Input data:
· · · ·

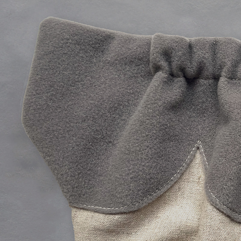 デザインにもなっているスカラップの別布(グレーの布)はマジックテープがくっつく素材。
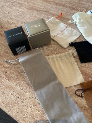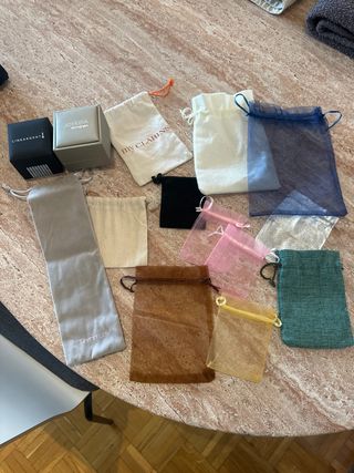Lote de 12 bolsas de tela y 2 cajas para anillos. Las bolsas son de distintos tamaños y las cajas son de tamaño estándar. Dos de las bolsas tienen una el nombre de una marca escrita, se ve en las fotos.
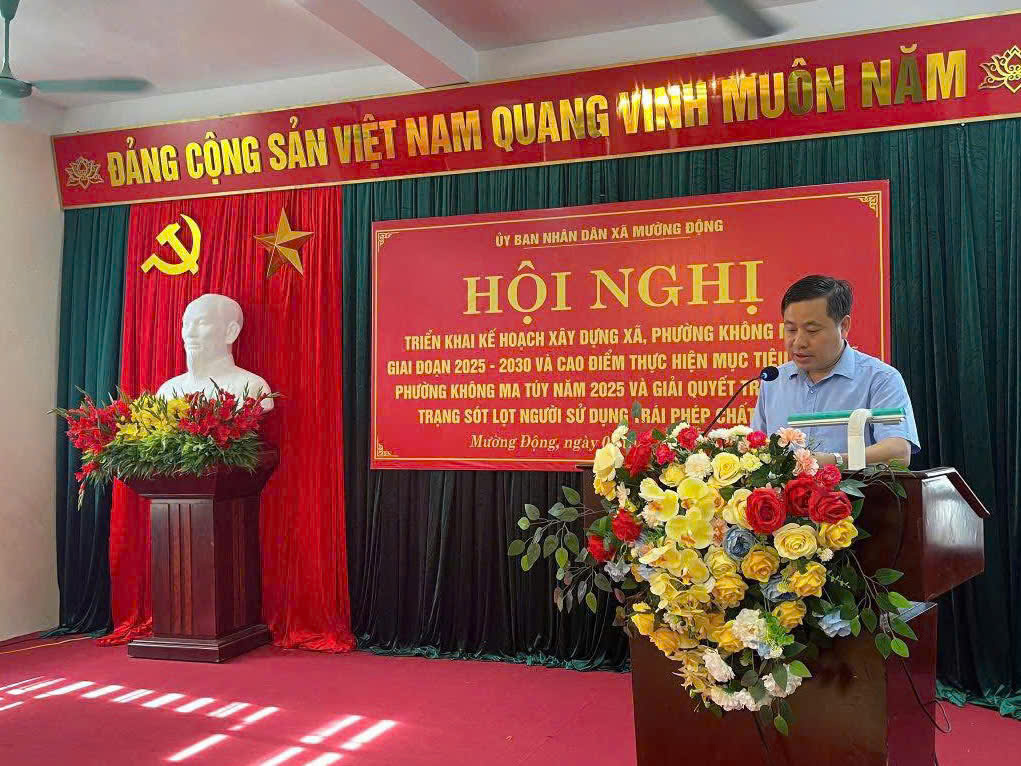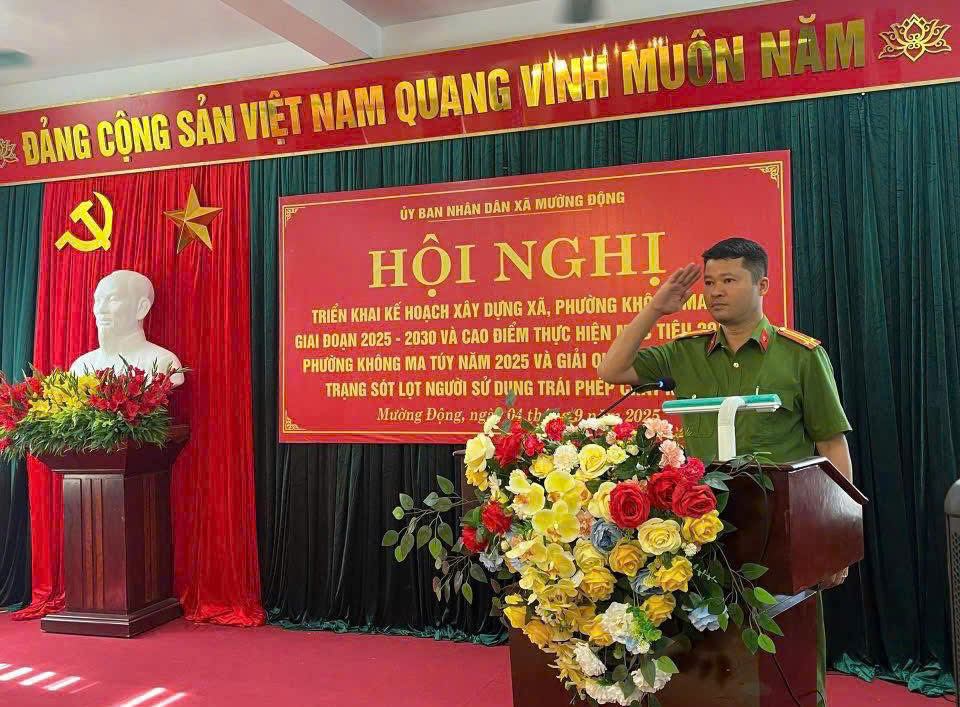 Sáng 04/9/2025, Công an xã Mường Động đã tham mưu UBND xã tổ chức Hội nghị triển khai kế hoạch xây dựng xã, phường không ma tuý giai đoạn 2025 – 2030; đồng thời phát động cao điểm thực hiện mục tiêu 20% xã, phường không ma tuý trong năm 2025 và giải quyết triệt để tình trạng sót, lọt người sử dụng trái phép chất ma tuý trên địa bàn.

· · · ·

Go through the material above and print all of it exactly, except the pictures.

Answer below:
 デザインにもなっているスカラップの別布(グレーの布)はマジックテープがくっつく素材。
Lote de 12 bolsas de tela y 2 cajas para anillos. Las bolsas son de distintos tamaños y las cajas son de tamaño estándar. Dos de las bolsas tienen una el nombre de una marca escrita, se ve en las fotos.
 Sáng 04/9/2025, Công an xã Mường Động đã tham mưu UBND xã tổ chức Hội nghị triển khai kế hoạch xây dựng xã, phường không ma tuý giai đoạn 2025 – 2030; đồng thời phát động cao điểm thực hiện mục tiêu 20% xã, phường không ma tuý trong năm 2025 và giải quyết triệt để tình trạng sót, lọt người sử dụng trái phép chất ma tuý trên địa bàn.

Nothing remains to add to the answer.